[Items from a dataset]
▶

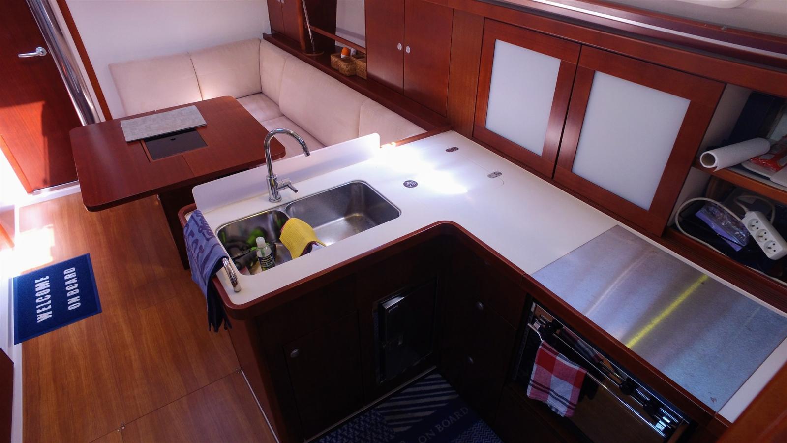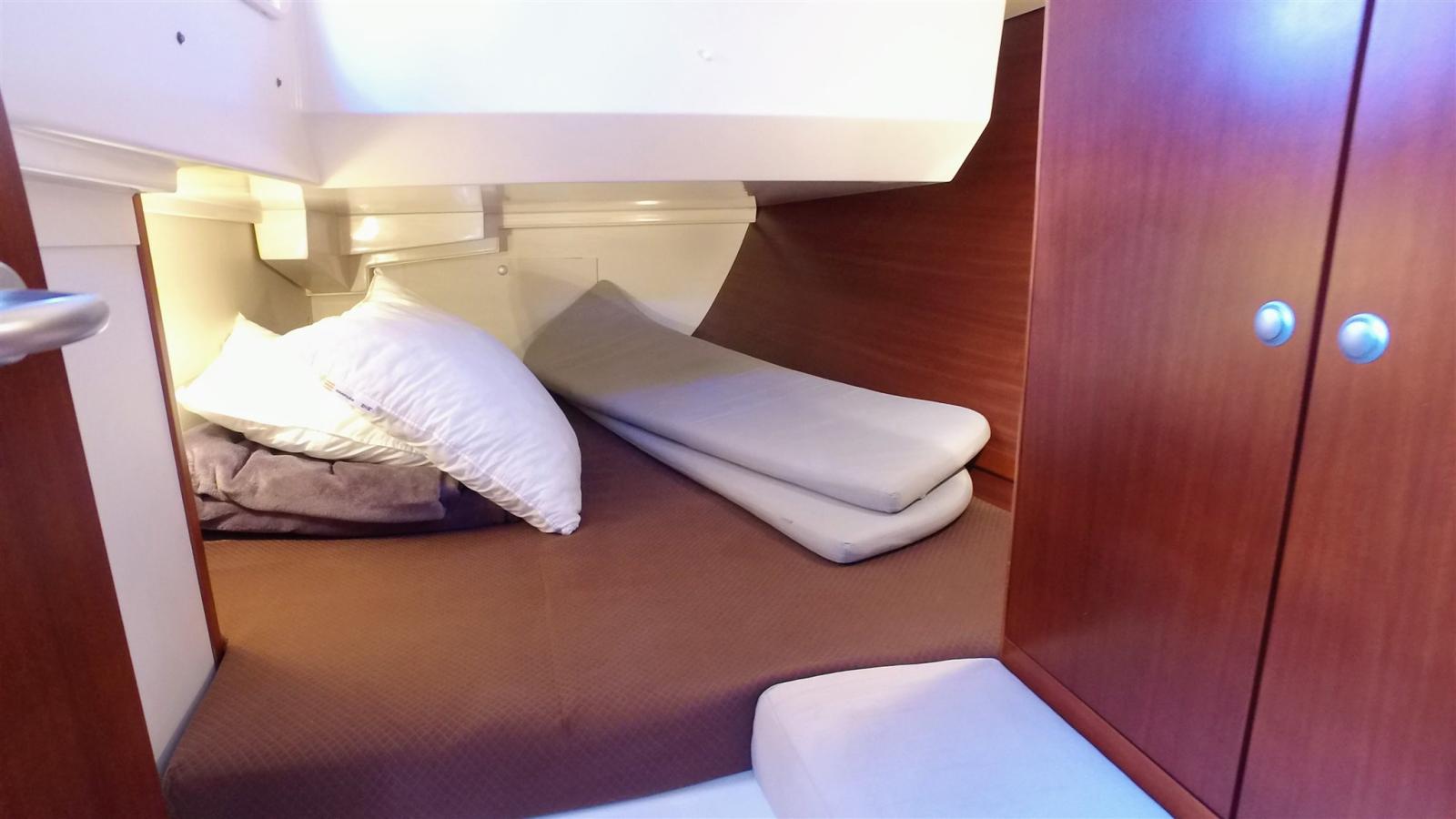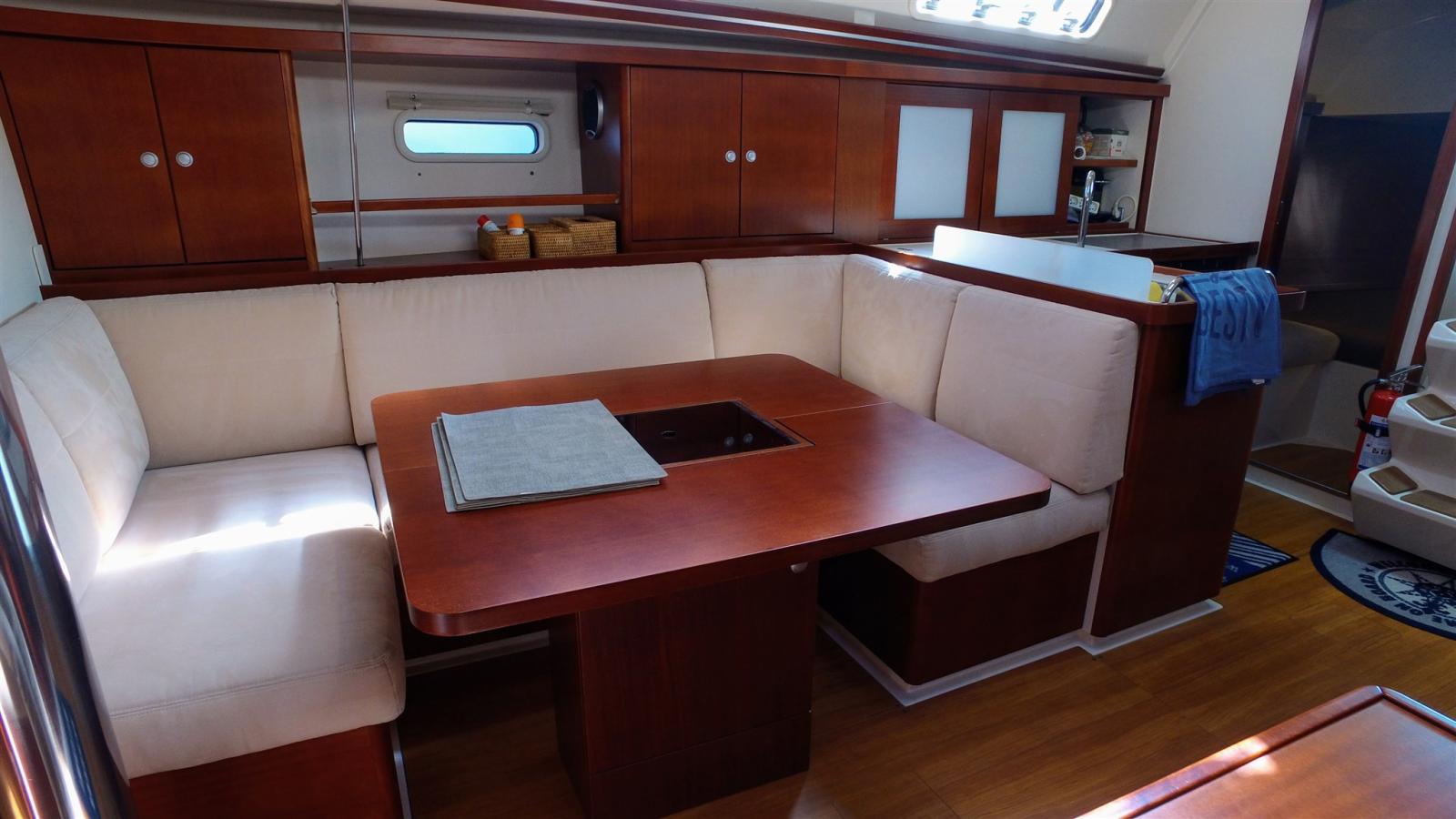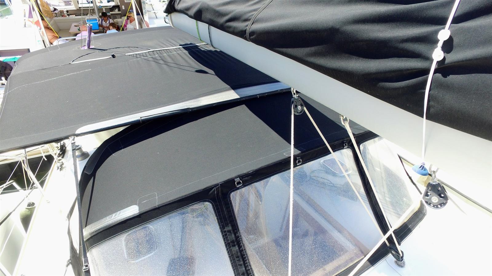 Alarme moteur, Ancre (Chaîne inox), Eau sous pression, 3 Batteries (2 service 300amp de 2021), Chargeur de batterie (40 Amp Dolphin), Filères, Douche de cockpit, Double barre à roue, Moteur d'annexe (2,3 CV), Plateforme arrière, Pompe de cale automatique, Pompe de cale manuelle, Cockpit en teck, Prise de quai, Guindeau électrique, Gréement monotoron (de 2024 et gréement courant de 2023), Echelle de bain, Chaise support HB, table de cockpit, Annexe, 4 Winch, Windex.
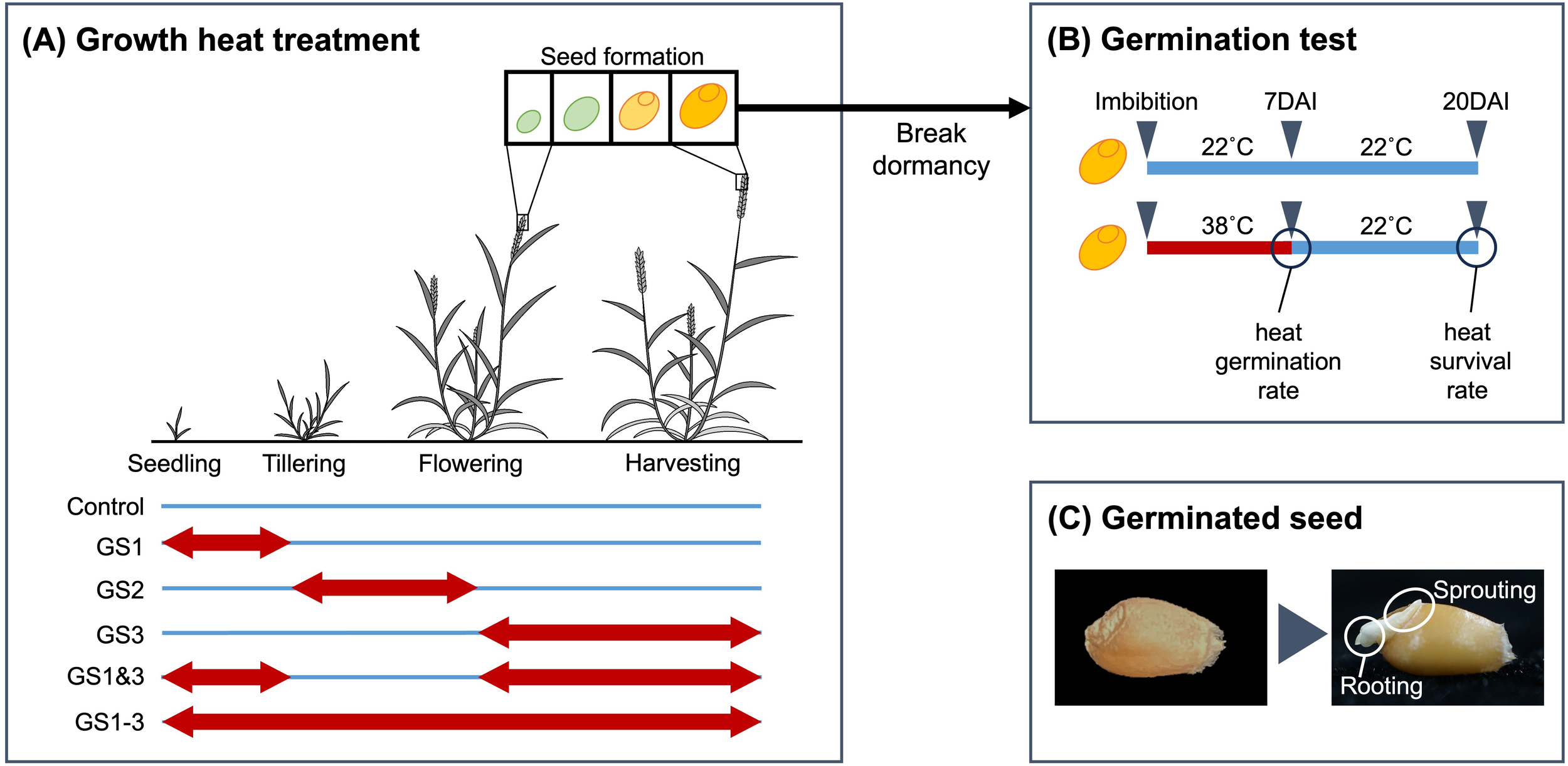 The first objective was to evaluate the impact of heat exposure during the growth period on germinability. In our previous studies, the effects of heat exposure at different growth stages from seedling to maturity, on yield-related traits and metabolite accumulation, were evaluated (Matsunaga et al., 2021a, 2021b). Heat exposure at GS2 reduced plant height and grain number, while heat at GS3 shortened the grain formation period and decreased grain weight. Consequently, plants exposed to high temperatures at GS2 and GS3 showed a decrease in yield. However, heat exposure at GS1 increased grain weight without affecting yield. The application of heat treatment at three distinct growth stages (from germination to tillering, from tillering to flowering, and from flowering to maturity) revealed that (1) seed formation is influenced by the timing and duration of senescence initiation, (2) the high temperature during growth results in a diverse range of seed morphologies, and (3) prolonged exposure to elevated temperature during the growth period impedes the progression of senescence during seed formation, thereby facilitating high-temperature acclimation (Matsunaga et al., 2021b). The present study employed the identical heat treatments to ascertain the impact of heat exposure during growth on germinability.
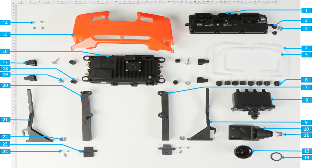 T20 Front Frame2 | E1. Spraying Board Module, E2. Insulated Rubber Base, E3. M30-HC00980050-080020-5102-Y, E4. 4-Channel Flow Meter U-shaped Tube (Long), E5. 4-Channel Flow Meter U-shaped Tube (Short), E6. Connector Nut, E7. Aerial-Electronics Bracket (Right) (Die Cast), E8. 4-Channel Electromagnetic Flow Meter, E9. Delivery Pump Bracket (Right), E10. Spray Tank Base Plug Port Bottom Base, E11. M30-HC080080-55-85, E12. Spray Tank Base Plug Port (Round Ridged Base), E13. Spray Tank Base Filter Sealing Ring, E14. Arm Screw, E15. Avionics Protection Cover, E16. Aerial-Electronics Module (CN), E17. Avionics_Antenna Port Fixing Piece, E18. Avionics_Shock Absorption Rubber, E19. M30-HT01930060-110025-5103-Y, E20. Aerial-Electronics Bracket (Left) (Die Cast), E21. Delivery Pump Bracket (Left), E22. M40-HC01000100-072028-5103-N_01, E23. Front Airframe Carbon Tube Reinforced Fixing Piece, E24. M30-HC080080-55-85 |
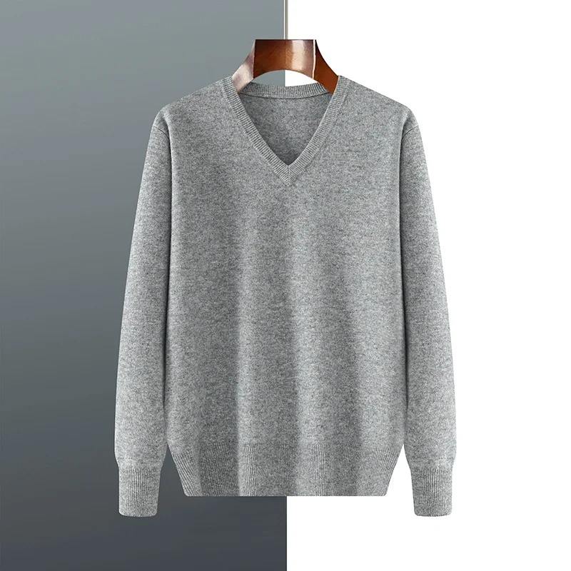 Grey V Neck Sweater for Men Long Sleeve Knitted Pullover Soft Warm Casual Winter Wear Classic Comfortable Stylish Knitwear
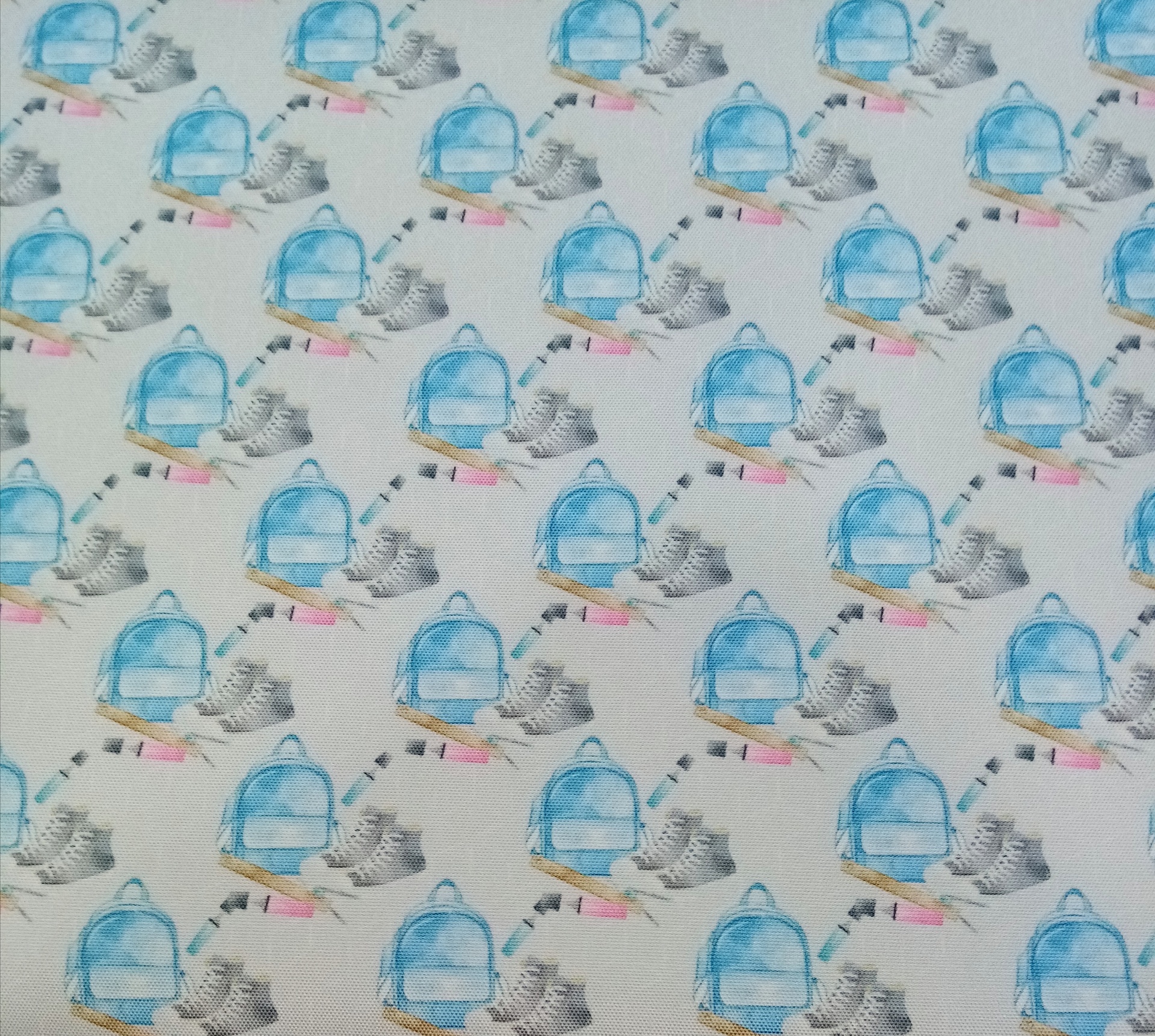 Tecido Canvas com mochilas azuis 0,09 € Partilhar Adicionar Contactar 200 unidades em stock Tecido Canvas 100% poliéster com mochilas azuis em fundo azul claro. Fácil de coser. 1.50m de largo. Ideal para mochilas, lancheiras, artesanato e artigos de cozinha. Corte mínimo 20cm .
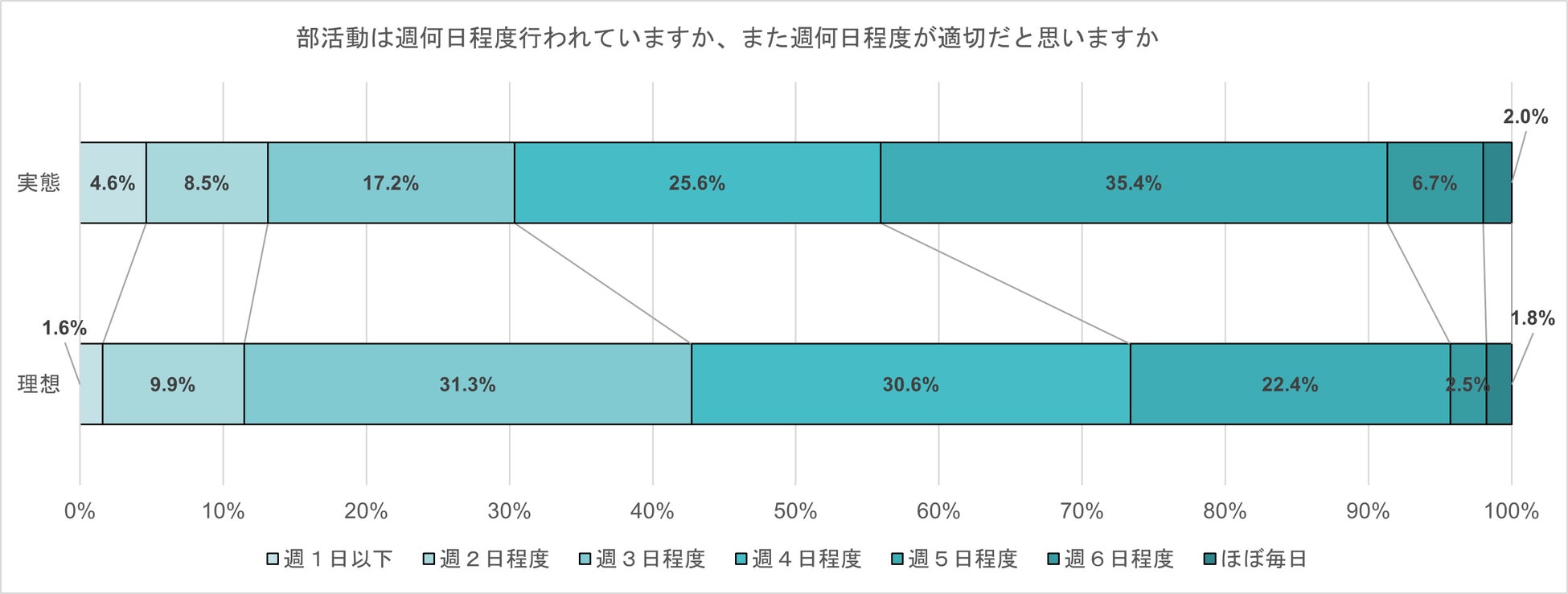 現在の部活動の活動日数と、適切だと思う活動日数を聞いた。
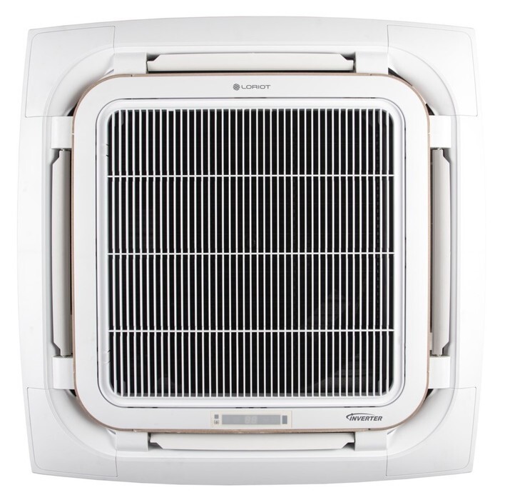 Кондиционер кассетного типа Loriot (Лориот) LCAC-60TCI предназначен для обслуживания больших помещений площадью около 160 кв. метров. Кругопоточная конструкция внутреннего блока обеспечивает равномерное распределение тепла или холода по комнатам, но модель также может работать в режимах вентиляции или осушения.
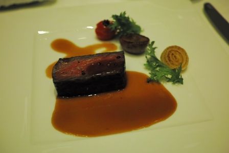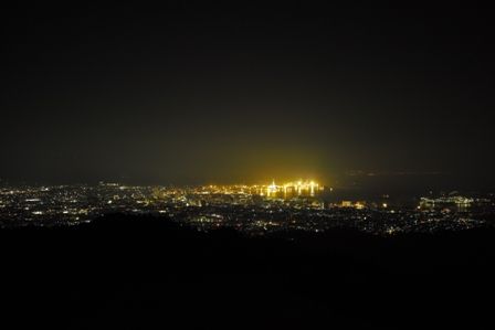 前回の食事前の夜景写真との違いは、庭園の木々のライトアップが消えてます。
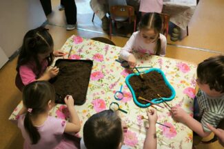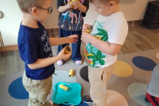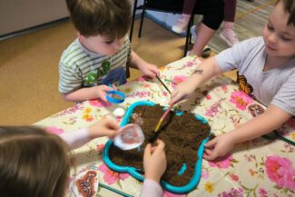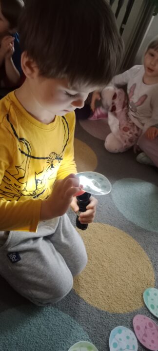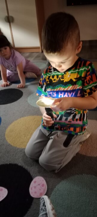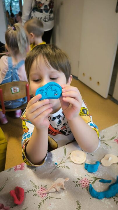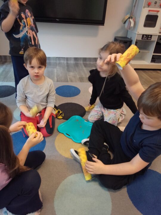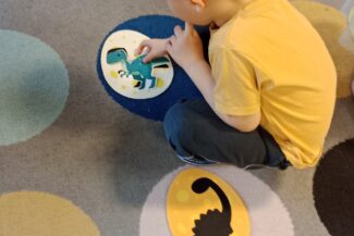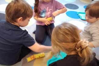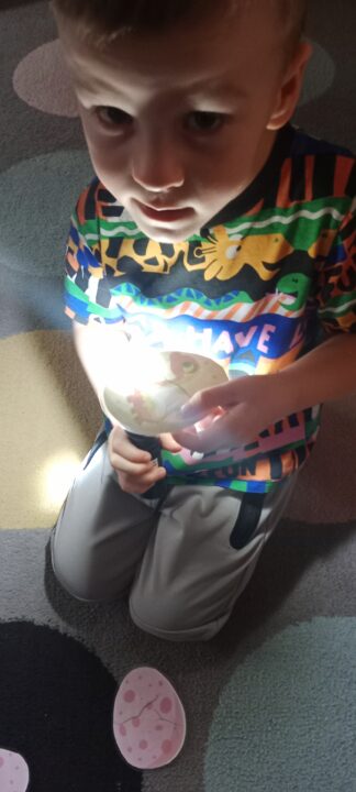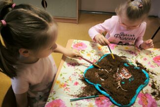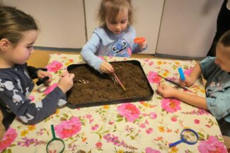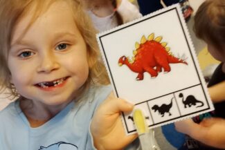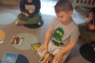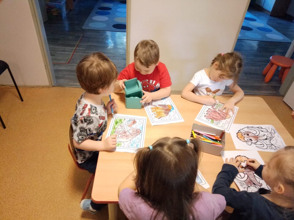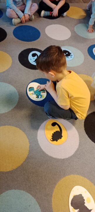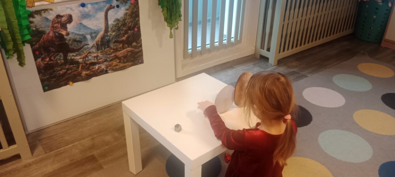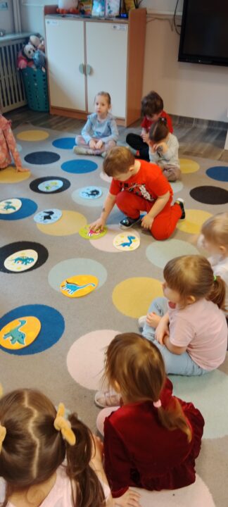 W minionym tygodniu dzieci poznawały prehistoryczny świat. Dzieci rozpoczynały swój dzień od powitanki „Dinozaury”. Wspólnie zaaranżowałyśmy przestrzeń sali tak, żeby przypominała prehistoryczny las. Dzieci oglądały animację oraz słuchały opowieści naukowej na temat tego, jak wyglądał las dawno temu. Rozmawiały też o pracy archeologa i paleontologa oraz

◀

WHAT YOU NEED TO DO —
A verbatim copy of the records above, without pictures, is required.

WORKED SOLUTION —
 Alarme moteur, Ancre (Chaîne inox), Eau sous pression, 3 Batteries (2 service 300amp de 2021), Chargeur de batterie (40 Amp Dolphin), Filères, Douche de cockpit, Double barre à roue, Moteur d'annexe (2,3 CV), Plateforme arrière, Pompe de cale automatique, Pompe de cale manuelle, Cockpit en teck, Prise de quai, Guindeau électrique, Gréement monotoron (de 2024 et gréement courant de 2023), Echelle de bain, Chaise support HB, table de cockpit, Annexe, 4 Winch, Windex.
 The first objective was to evaluate the impact of heat exposure during the growth period on germinability. In our previous studies, the effects of heat exposure at different growth stages from seedling to maturity, on yield-related traits and metabolite accumulation, were evaluated (Matsunaga et al., 2021a, 2021b). Heat exposure at GS2 reduced plant height and grain number, while heat at GS3 shortened the grain formation period and decreased grain weight. Consequently, plants exposed to high temperatures at GS2 and GS3 showed a decrease in yield. However, heat exposure at GS1 increased grain weight without affecting yield. The application of heat treatment at three distinct growth stages (from germination to tillering, from tillering to flowering, and from flowering to maturity) revealed that (1) seed formation is influenced by the timing and duration of senescence initiation, (2) the high temperature during growth results in a diverse range of seed morphologies, and (3) prolonged exposure to elevated temperature during the growth period impedes the progression of senescence during seed formation, thereby facilitating high-temperature acclimation (Matsunaga et al., 2021b). The present study employed the identical heat treatments to ascertain the impact of heat exposure during growth on germinability.
 T20 Front Frame2 | E1. Spraying Board Module, E2. Insulated Rubber Base, E3. M30-HC00980050-080020-5102-Y, E4. 4-Channel Flow Meter U-shaped Tube (Long), E5. 4-Channel Flow Meter U-shaped Tube (Short), E6. Connector Nut, E7. Aerial-Electronics Bracket (Right) (Die Cast), E8. 4-Channel Electromagnetic Flow Meter, E9. Delivery Pump Bracket (Right), E10. Spray Tank Base Plug Port Bottom Base, E11. M30-HC080080-55-85, E12. Spray Tank Base Plug Port (Round Ridged Base), E13. Spray Tank Base Filter Sealing Ring, E14. Arm Screw, E15. Avionics Protection Cover, E16. Aerial-Electronics Module (CN), E17. Avionics_Antenna Port Fixing Piece, E18. Avionics_Shock Absorption Rubber, E19. M30-HT01930060-110025-5103-Y, E20. Aerial-Electronics Bracket (Left) (Die Cast), E21. Delivery Pump Bracket (Left), E22. M40-HC01000100-072028-5103-N_01, E23. Front Airframe Carbon Tube Reinforced Fixing Piece, E24. M30-HC080080-55-85 |
 Grey V Neck Sweater for Men Long Sleeve Knitted Pullover Soft Warm Casual Winter Wear Classic Comfortable Stylish Knitwear
 Tecido Canvas com mochilas azuis 0,09 € Partilhar Adicionar Contactar 200 unidades em stock Tecido Canvas 100% poliéster com mochilas azuis em fundo azul claro. Fácil de coser. 1.50m de largo. Ideal para mochilas, lancheiras, artesanato e artigos de cozinha. Corte mínimo 20cm .
 現在の部活動の活動日数と、適切だと思う活動日数を聞いた。
 Кондиционер кассетного типа Loriot (Лориот) LCAC-60TCI предназначен для обслуживания больших помещений площадью около 160 кв. метров. Кругопоточная конструкция внутреннего блока обеспечивает равномерное распределение тепла или холода по комнатам, но модель также может работать в режимах вентиляции или осушения.
 前回の食事前の夜景写真との違いは、庭園の木々のライトアップが消えてます。
 W minionym tygodniu dzieci poznawały prehistoryczny świat. Dzieci rozpoczynały swój dzień od powitanki „Dinozaury”. Wspólnie zaaranżowałyśmy przestrzeń sali tak, żeby przypominała prehistoryczny las. Dzieci oglądały animację oraz słuchały opowieści naukowej na temat tego, jak wyglądał las dawno temu. Rozmawiały też o pracy archeologa i paleontologa oraz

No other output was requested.